AMENDMENT NO. 1 TO RESTRICTED STOCK PURCHASE AGREEMENT, dated as of
January 29, 1999, between Nextel Partners, Inc., a Delaware corporation (the
"Company"), and (the "Purchaser").
WHEREAS, the Company and the Purchaser have entered into a Restricted
Stock Purchase Agreement, dated as of November 20, 1998 (the "Purchase
Agreement"); and
WHEREAS, the parties hereto desire to amend the Purchase Agreement as
hereinafter set forth;
NOW, THEREFORE, the parties hereto agree as follows:
1. Definitions. Capitalized terms used in this Amendment without
definition shall have the meanings given to such terms in the Purchase
Agreement.
2. Amendments to Purchase Agreement. The Purchase Agreement is hereby
amended as follows:
(a) The reference in the definition of Commitment Letter to "August 13,
1998" shall be deleted and replaced with a reference to "December 4, 1998."
(b) The last paragraph of the definition of "Change in Control of the
Company" shall be deleted and replaced with the following:
"Notwithstanding the foregoing, no 'Change of Control of the Company'
shall occur (i) merely by reason of any creditor of the Company foreclosing
on or otherwise causing the sale, transfer or other disposition of all or
any substantial part of the Company's assets (including, without limitation,
the Company's equity interests in its subsidiaries) or (ii) merely by reason
of a transfer by Eagle River Investments, LLC ('Eagle River') to another
Person of the Capital Stock of the Company owned by Eagle River so long as
Xxxxx X. XxXxx ('XxXxx') controls (as defined in Section 4.01(h) of the
Shareholders' Agreement) such Person whether or not XxXxx owns a majority of
the equity interests of such Person, unless such transfer referred to in
this clause (ii), alone or in conjunction with other transactions, results
in the occurrence of an event of the type described in any of clauses (a),
(b), (c) or (d) above."
(c) (i) Paragraph (a) of the definition of "Change in Control of
Nextel" shall be amended by adding, after the words "by contract or otherwise",
and before the comma, the following:
"(without limiting the generality of this clause (ii), any person or group
that succeeds to the rights currently held by Xxxxx X. XxXxx and his
Affiliates in respect of Nextel, or otherwise has powers and rights
comparable thereto, shall be deemed for purposes of this definition to have
the power to direct the management and policies of Nextel)"

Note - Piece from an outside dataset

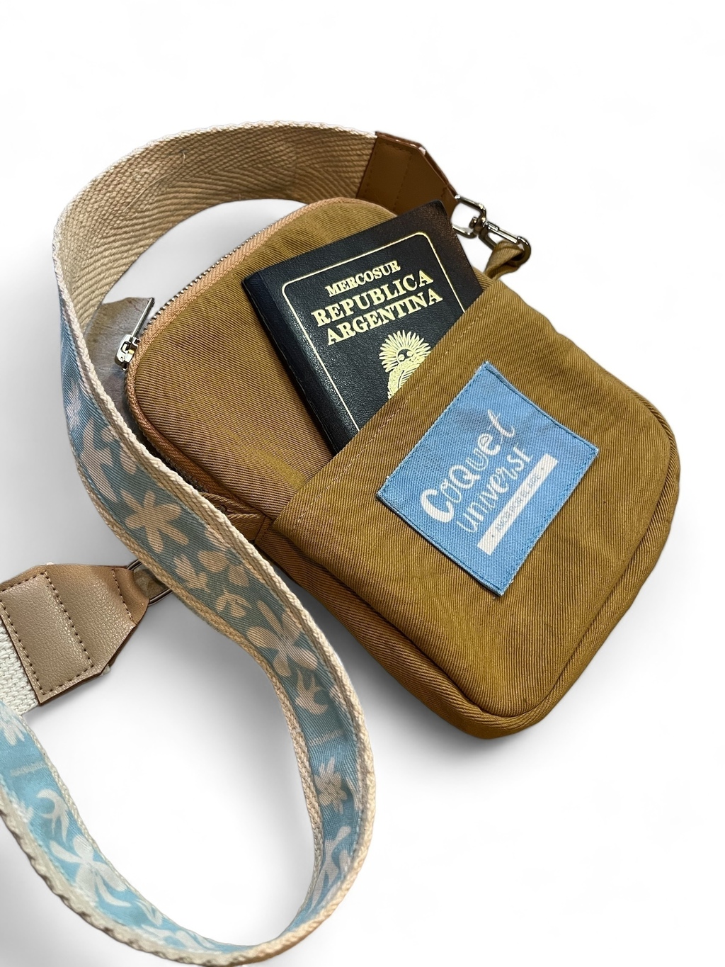 Correa colgante, base de algodón y cinta estampada, con mosquetones en los extremos que permite engachar el accesorio al bolsito.

(ii) The last paragraph of the definition of "Change in Control of
Nextel" shall be deleted and replaced with the following:
"provided that it is expressly understood and agreed that (A) the
transfer of Nextel Voting Stock and/or Capital Stock in Nextel by a
Permitted Holder to an Affiliate of Xxxxx X. XxXxx or the estate of
Xxxxx X. XxXxx, or any successive transfer by such or another Affiliate to
another Affiliate of Xxxxx X. XxXxx, or the estate of Xxxxx X. XxXxx, shall
not by itself be a Nextel Sale (provided that, for this purpose, any such
Affiliate shall not be controlled by any person or group other than Xxxxx X.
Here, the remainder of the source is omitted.